ABOUT THIS EXERCISE - For the data below, transcribe the part that opens with the line containing "In your customer" and closes with the line containing "Вы можете приобрести", exactly and with no pictures.

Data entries
----------

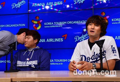 박찬호와 류현진이 기자회견장에서 기자들의 질문에 답하고 있다.
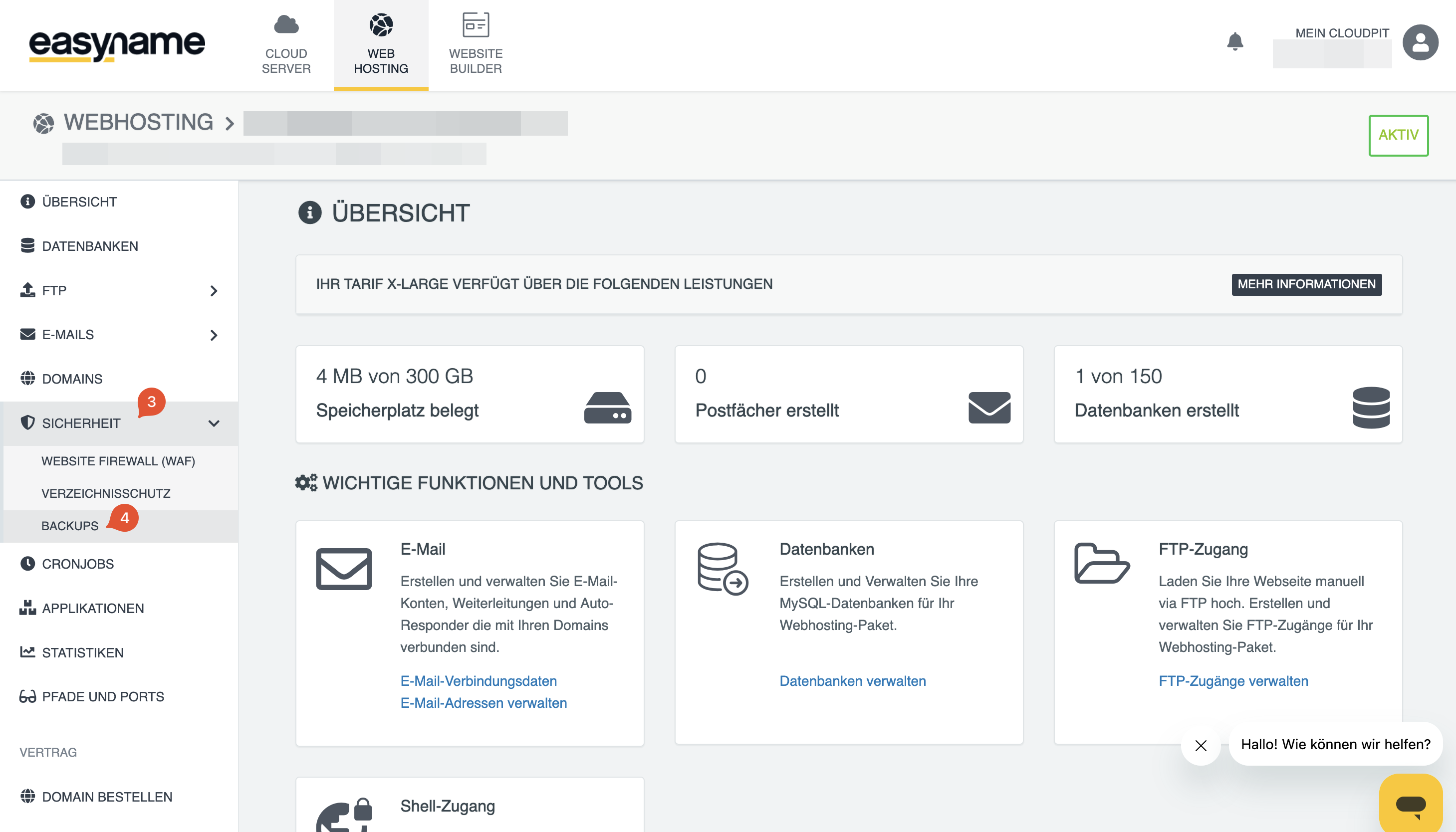 In your customer account, select the desired web hosting package and click on [Manage] (1) or via [MORE ⏷] (2) → [Open management].
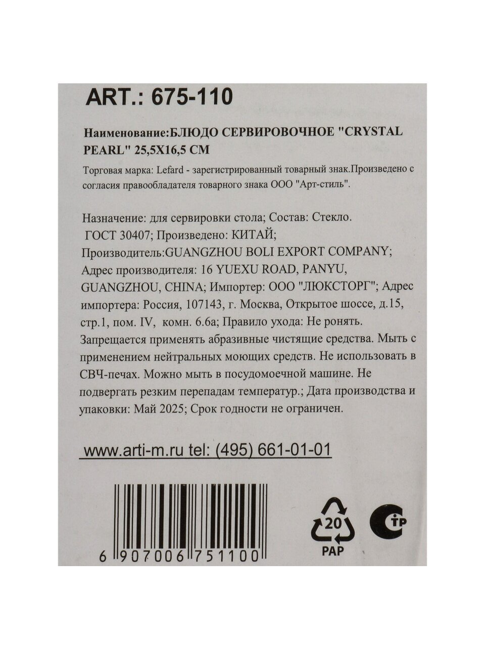 Вы можете приобрести «Блюдо стекло, для сервировки, овальное, 16.5х25.5 см, Crystal Pearl, Lefard, 675-110» и другие товары в нашем интернет-магазине в Ельце по низким ценам и с бесплатным самовывозом.
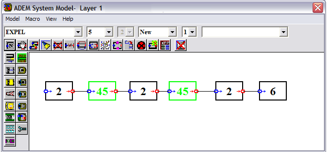 Block diagrams of UserMacros (1-D or 3-D) are constructed in sublayers of SMI. For example, Figure 3 shows a block diagram of the UserMacro which models the rear muffler in Figure 1. A UserMacro becomes active when it is linked to its sublayer. Then the color of its sides turns bright green. A UserMacro [45] does not require any data input. UserMacroX [35] is the same as UserMacro [45] except that it has its layer number as input parameter. This enables running of different subsystem prototypes in batch.
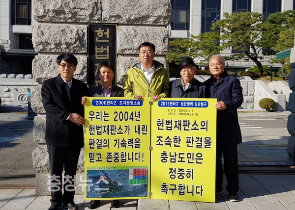 김기재 당진시의회 의장은 1일 서울 헌법재판소 앞에서 관할권 분쟁을 겪고 있는 당진항 서부두 매립지의 당진시 관할 당위성을 호소하기 위해 1인 피켓시위 활동을 펼쳤다.

----------

ANSWER TO THE EXERCISE -
 In your customer account, select the desired web hosting package and click on [Manage] (1) or via [MORE ⏷] (2) → [Open management].
 Вы можете приобрести «Блюдо стекло, для сервировки, овальное, 16.5х25.5 см, Crystal Pearl, Lefard, 675-110» и другие товары в нашем интернет-магазине в Ельце по низким ценам и с бесплатным самовывозом.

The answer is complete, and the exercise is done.